With Thomas adopted into the friend group, every day was a party. They hung out every chance they got—sipping smoothies, telling ghost stories, weighing the pros and cons of Marxism. Thomas, with his loser days behind him, was adrift in a sea of bliss that only deepened when the school year ended and his three girlfriends, divinely unemployed, were free to hang out with him from sunrise to sunset.

Splendid! But when was he supposed to eat?

Thomas’ elation quickly rotted, and his bones were soon to follow. His lie, which had been his creation, now threatened to be his ruin. His ticket to friendship was as thin as Bible pages. Every miserable pub crawl and chip bag would rise from the dead if Marie, Maisie, and Riley ever found out that he had lied to not one, not two, but all three of them about the very eccentricity that drew them to him in the first place. He had plenty of eccentricities, enough to keep his friends interested in him—who wouldn’t want a friend who used to collect accordions?—but this one lie was strong enough to wipe out every subsequent truth. Everyone wanted an accordion collector, but no one wanted a liar.

In order to preserve this falsehood, Thomas would have to go without food in their never-ending company. If he ate breakfast in front of them, then Riley would object. To Riley’s objection, Marie would say, “No, it’s lunch that he doesn’t eat,” and to Marie’s correction Maisie would interject, “You mean dinner, right?” All would unravel.
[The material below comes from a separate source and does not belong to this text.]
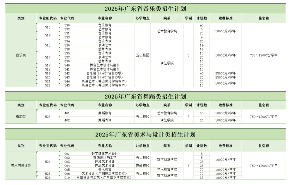 2025广东省外语艺术职业学院艺术类招生计划及各专业招生人数

The obvious solution would be midnight snacks or clandestine bathroom feasts. What the girls didn’t know wouldn’t hurt them, right? That may have been true, but what the girls didn’t know would, in fact, hurt Thomas, whose mother had warned him against taking food outside of designated meal times. Snacking, she said, leads to all types of perversions. It was simply off the table.

So, for the sake of his blossoming friendships, he sucked it up, and the girls, who avoided gossip like the plague, never suspected a thing. They spent every waking hour of every waking day together, profiting off the hard-earned summer that rose from the ashes of a grueling winter. They took trips to various bodies of water. They visited the children’s petting zoo. They learned how to hotwire cars. Thomas especially enjoyed their smoothie outings, for the ill-defined medium of a smoothie allowed him to sneak nutrients without raising complaints about common mealtime schedules. His friends lovingly teased him for how much he loved his smoothies—almost as much as they teased him for how much he loved water, which Thomas guzzled like a participant in the Minnesota Starvation Experiment.
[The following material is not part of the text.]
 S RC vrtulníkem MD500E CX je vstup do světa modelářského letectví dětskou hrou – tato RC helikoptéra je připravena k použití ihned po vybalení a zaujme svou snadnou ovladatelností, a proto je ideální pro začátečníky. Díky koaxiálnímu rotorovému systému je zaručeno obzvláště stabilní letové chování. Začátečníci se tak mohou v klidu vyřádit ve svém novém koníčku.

But no amount of water could slow his emaciation. Thomas’ life brimmed with small wonders, but his body was hollow. His eyes retreated into his skull. His ribs became two dozen little exhibitionists. While it was still a lie that Thomas had never eaten breakfast, lunch, or dinner before, what was true was that he no longer did—and simultaneously at that. His one truth was this. Then his other truth was that he loved his friends to the moon and back.

But he never got the chance to say it out loud before he shriveled up and died.